Friday, 15 April 2016
If you are persuaded to get a debt consolidation, you might probably be wondering if this debt consolidation loan may have any positive effect on your credit ratings. Well debt consolidation does indeed have a positive effect on credit ratings and here are the three positive effects obtaining a debt consolidation loan will have on your credit score or rating.
1 Huge credit card debts will have a lot of negative effects on your credit rating, and obtaining a debt consolidation loan will actually go a long way in improving your credit ratings. Most credit card companies dont tell you that carrying a balance on your credit cards that is 25% above your credit limit will actually cause a drop in your credit score, despite the fact that you might be making your payments promptly.

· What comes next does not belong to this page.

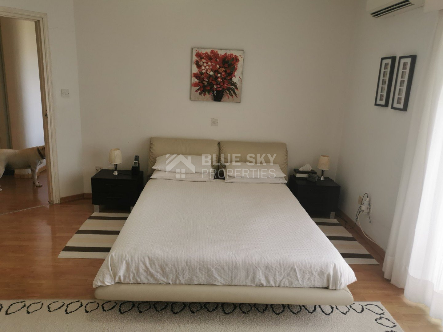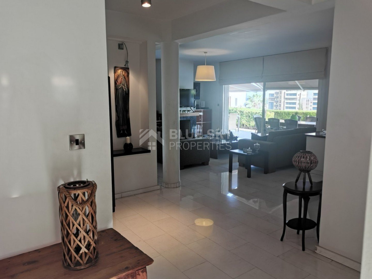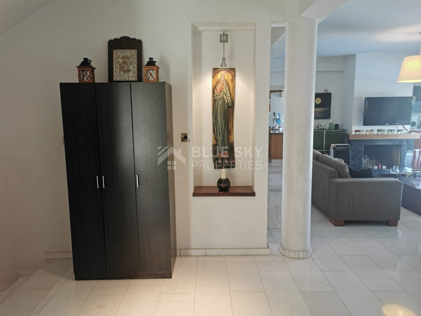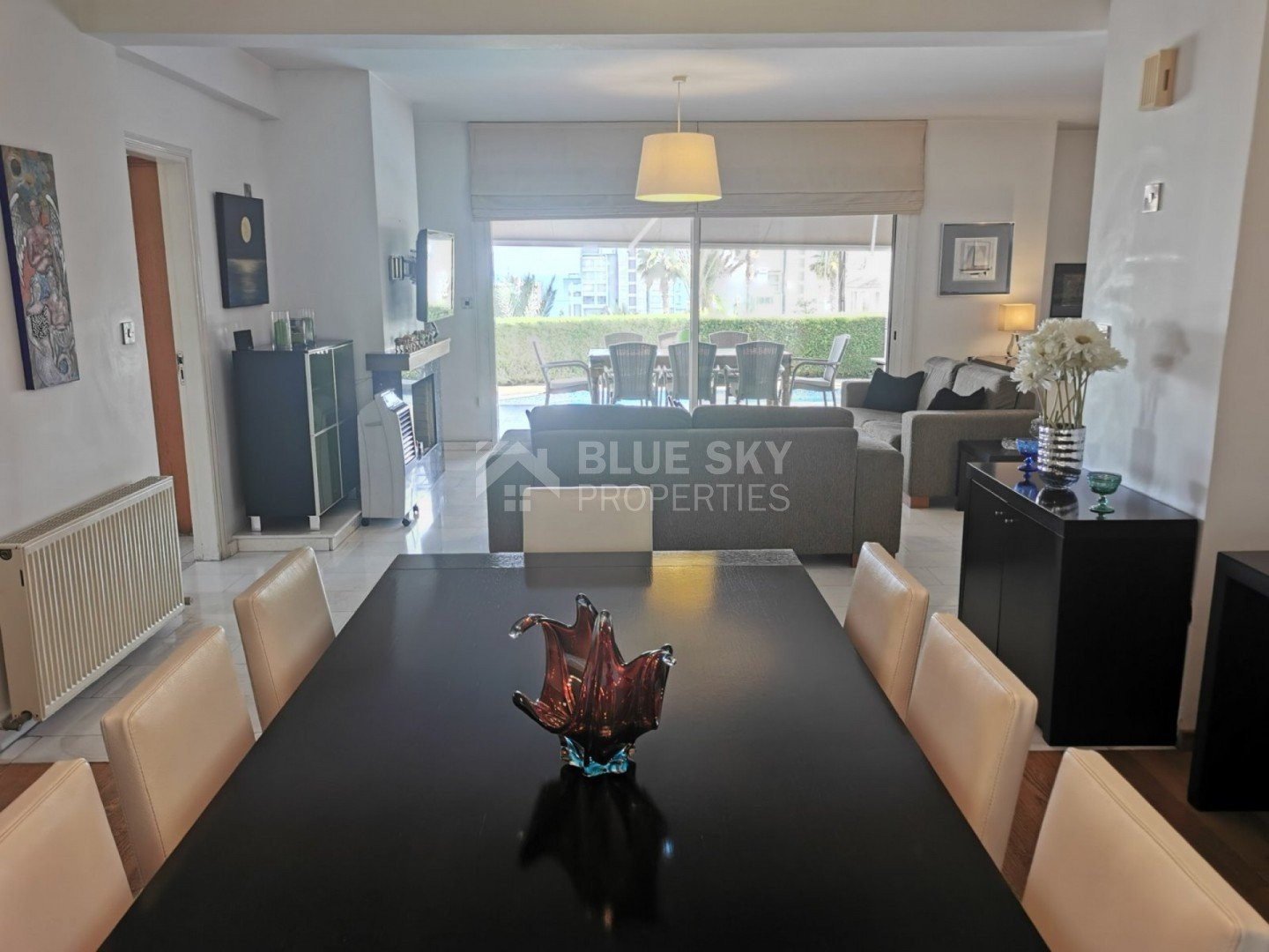 Lovely five bedroom villa in Agios Tychonas with swimming pool and sea view is available now.It has internal covered area 431 square meters and plot size 954 square meters. There is separate kitchen with two living rooms , one sitting room, two dining rooms and a guest w/c. Also there is a fire place, store room and one utility room.There are four bedrooms and one of them has en-suite bathroom, all with fitted wardrobes and a family bathroom on the first floor. Outside of the building there is a nice big garden with trees and flowers, with automatic watering system , large covered parking space for three cars with electric gate and barbecue.There is a maids-room , playing room and kitchenette. The aluminium doors and windows are double glazed with security locks. It has solar water heater with pressure. Also it has security system , alarm system, a/c in all areas diesel central heating and water drilling .The house is located on a hill of Agios Tychonas with view of Limassol and is only five minutes drive from the sea and ten minutes drive from Limassol City.Located in a quiet ,nice area surrounded by nice houses at a dead end road.It has quick access to all needed amenities including supermarkets, parks,schools, restaurants and beach.

2 Debt consolidation is not only limited to credit cards alone, if you have got other loans such as a personal or a car loan you can also consolidate them as well. This will give a boost to your credit ratings, they is nothing these credit companies love more than to see that you have succesfuly payed off your loan. This can give quite a boost to your fledgling credit score. Building a good credit score will require a little bit of time and patience and things like paying off a loan will help you arrive faster at a good credit score.
3 If you are struggling under the burden of a heavy debt, then you probably need a debt consolidation loan. The key to maiintaining a healthy credit rating is to put away those credit cards once you have succeeded in consolidating them. It makes no sense to go through the process of consolidating your credit card debts and loans only to run them up again. Maintaining a good credit rating will help you mould a better financial future for yourself and your family and the key is maintaining your discipline when it comes to using credit cards.